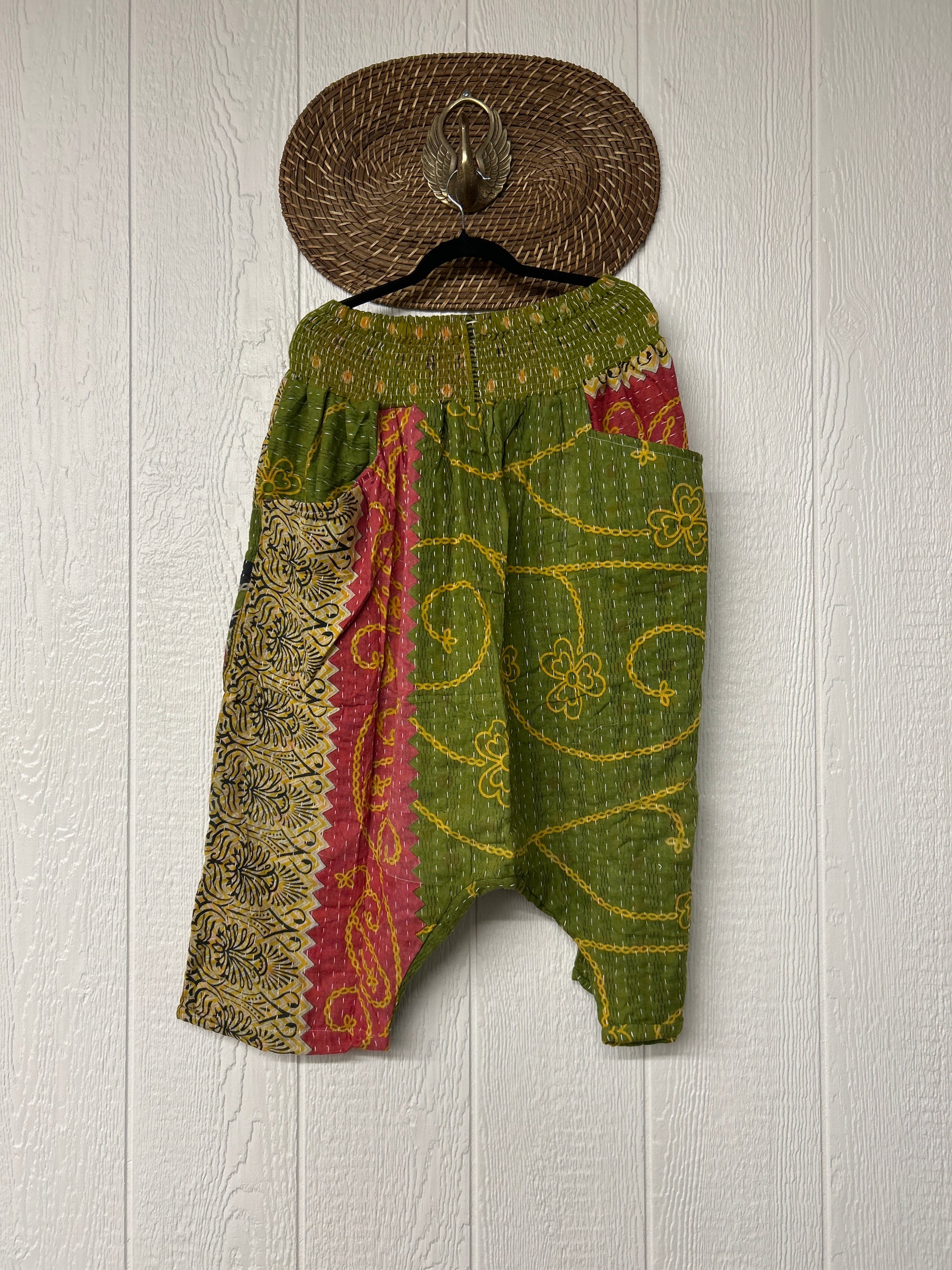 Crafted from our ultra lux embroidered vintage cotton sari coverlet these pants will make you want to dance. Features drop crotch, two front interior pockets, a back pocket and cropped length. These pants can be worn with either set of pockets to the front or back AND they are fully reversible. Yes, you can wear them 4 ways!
...
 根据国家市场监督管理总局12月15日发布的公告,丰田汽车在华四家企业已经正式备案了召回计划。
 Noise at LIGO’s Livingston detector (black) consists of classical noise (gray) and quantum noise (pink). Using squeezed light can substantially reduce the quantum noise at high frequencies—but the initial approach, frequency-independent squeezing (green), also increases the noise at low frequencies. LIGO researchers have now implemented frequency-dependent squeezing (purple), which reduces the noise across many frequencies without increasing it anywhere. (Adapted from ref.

→ YOUR OBJECTIVE
Among the entries above, copy exactly only the lines starting with the one containing "根据国家市场监督管理总局12" and going through the one containing "Noise at LIGO’s", both ends included.

→ PROBLEM SOLUTION
 根据国家市场监督管理总局12月15日发布的公告,丰田汽车在华四家企业已经正式备案了召回计划。
 Noise at LIGO’s Livingston detector (black) consists of classical noise (gray) and quantum noise (pink). Using squeezed light can substantially reduce the quantum noise at high frequencies—but the initial approach, frequency-independent squeezing (green), also increases the noise at low frequencies. LIGO researchers have now implemented frequency-dependent squeezing (purple), which reduces the noise across many frequencies without increasing it anywhere. (Adapted from ref.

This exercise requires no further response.